Professor Albert Flynn, Vorsitzender des NDA-Gremiums, hierzu: „Diese sehr herausfordernde Aufgabe wurde vollbracht dank des Engagements und Einsatzes der Sachverständigen des NDA-Gremiums in Zusammenarbeit mit den Mitarbeitern der EFSA, die ein unvorhergesehenes und noch nie da gewesenes Arbeitspensum innerhalb sehr knapper Fristen und auf Grundlage von oft unzureichenden Informationen zu bewältigen hatten.

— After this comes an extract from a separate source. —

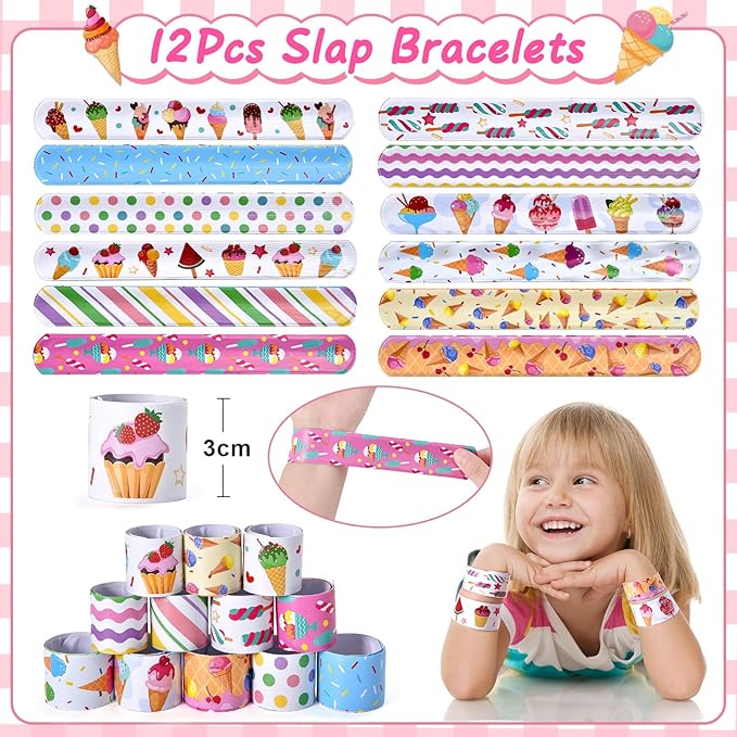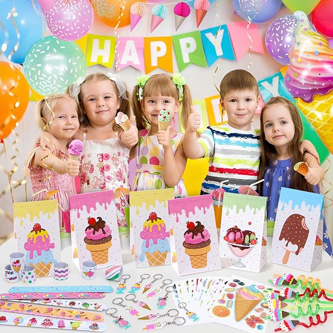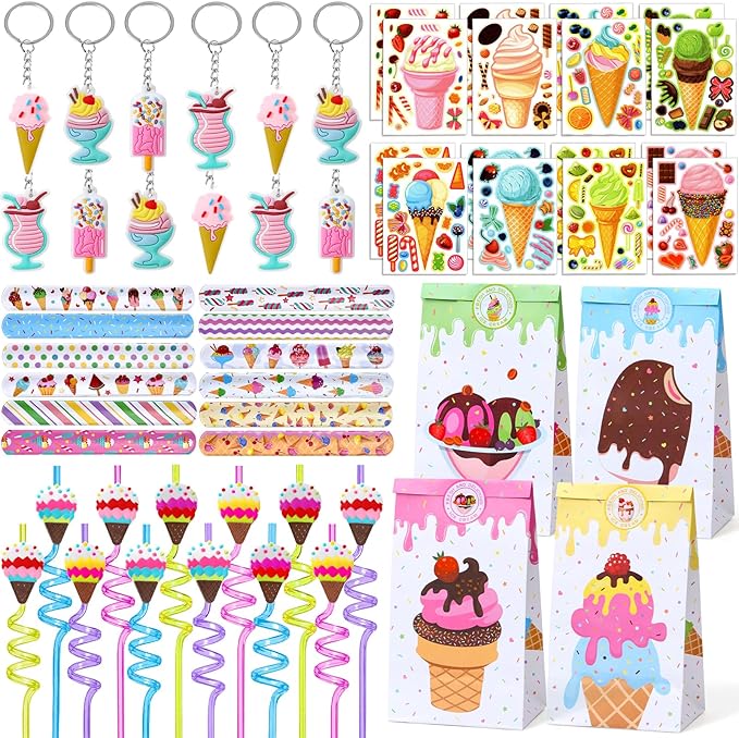 - Pastel Ice Cream Party Favors: Ice cream symbolizes sweetness and happiness, and children will be happy to receive such party favors. We have carefully prepared 12 drinking straws (random colors), 12 paper bags (with sealing stickers), 16 DIY stickers, 12 ice cream keychains, and 12 slap bracelets. Our kit can help you host an ice cream party for 12 kids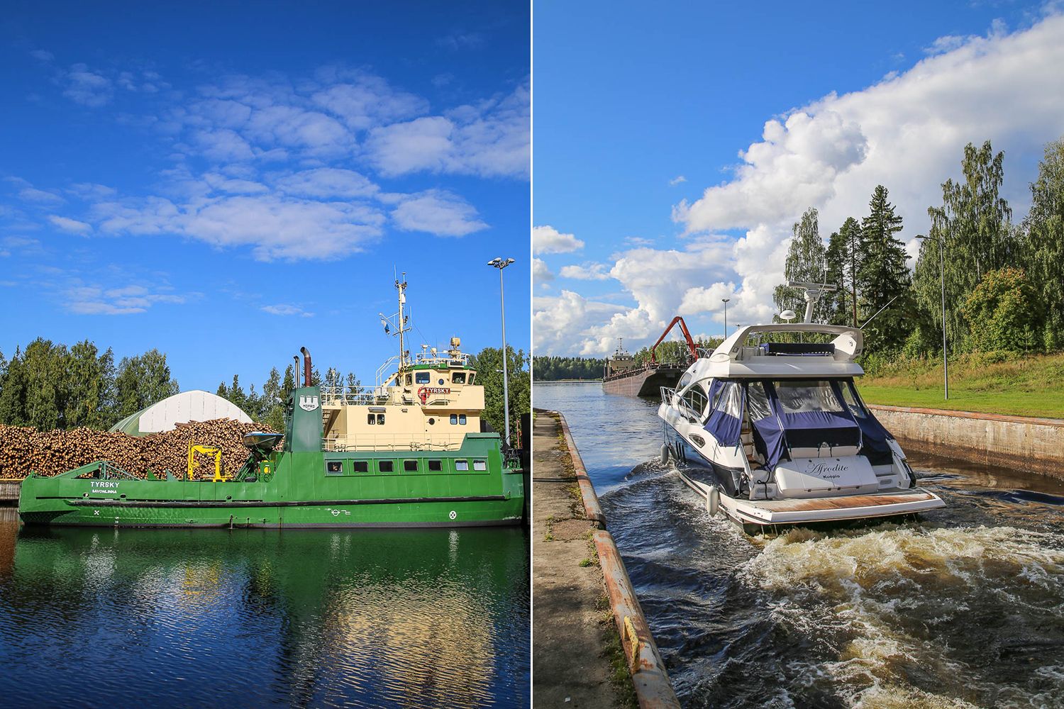 Meren äärellä kasvaneelle tukkien uitto ja kanavien sulkuportit ovat mystinen maailma. Ihmetyksen saattoi meistäkin havaita, kun seisoimme Annin kanssa suut selällään Taipaleen kanavan liikennettä seuraamassa. 564 metrin mittaisen kanavan toisessa päässä oli meneillään tukkien lastaus proomun kyytiin. Sulkuportitkin sattuivat avautumaan juuri sopivasti niin, että näimme huviveneen lipuvan tasausaltaan läpi.

„Trotz dieser Herausforderungen haben unsere Sachverständigen die Angaben beständig, fair und den höchstmöglichen wissenschaftlichen Standards entsprechend bewertet, und dies innerhalb der mit der Kommission vereinbarten Fristen.

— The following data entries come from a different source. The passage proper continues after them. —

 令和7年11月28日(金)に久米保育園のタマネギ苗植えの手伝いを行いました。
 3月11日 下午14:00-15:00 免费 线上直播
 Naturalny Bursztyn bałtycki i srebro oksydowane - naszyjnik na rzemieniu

„In Rahmen ihrer unabhängigen Bewertung gelangte die EFSA zu dem Schluss, dass eine beträchtliche Zahl von zu Lebensmitteln gemachten Angaben wissenschaftlich fundiert ist. Dies umfasst Angaben zu einem weiten Spektrum gesundheitlicher Vorteile.“

Die Ergebnisse der Bewertungen fielen positiv aus, wenn genügend Nachweise vorhanden waren, um die Angaben zu stützen, was bei etwa einem Fünftel der Angaben der Fall war. Diese bezogen sich hauptsächlich auf:

  • Vitamine und Mineralstoffe;
  • bestimmte Ballaststoffe im Zusammenhang mit der Regelung des Blutzuckerspiegels, dem Blut-Cholesterin-Spiegel bzw. der Gewichtskontrolle;
  • lebende Joghurtkulturen und die Laktoseverdauung;
  • antioxidierende Wirkungen der Polyphenole in Olivenöl;
  • Walnüsse und eine verbesserte Funktion der Blutgefäße;
  • Ersatz-Mahlzeiten und Gewichtskontrolle;
  • Fettsäuren und Herzfunktion;
  • die Rolle einiger Zuckeraustauschstoffe (z. B. Xylitol oder Sorbitol) zur Erhaltung der Zahnmineralisation oder Verringerung des Anstiegs des Blutzuckerspiegels nach dem Essen;
  • Kohlenhydrat-Elektrolyt-Getränke bzw. Kreatin und sportliche Leistung.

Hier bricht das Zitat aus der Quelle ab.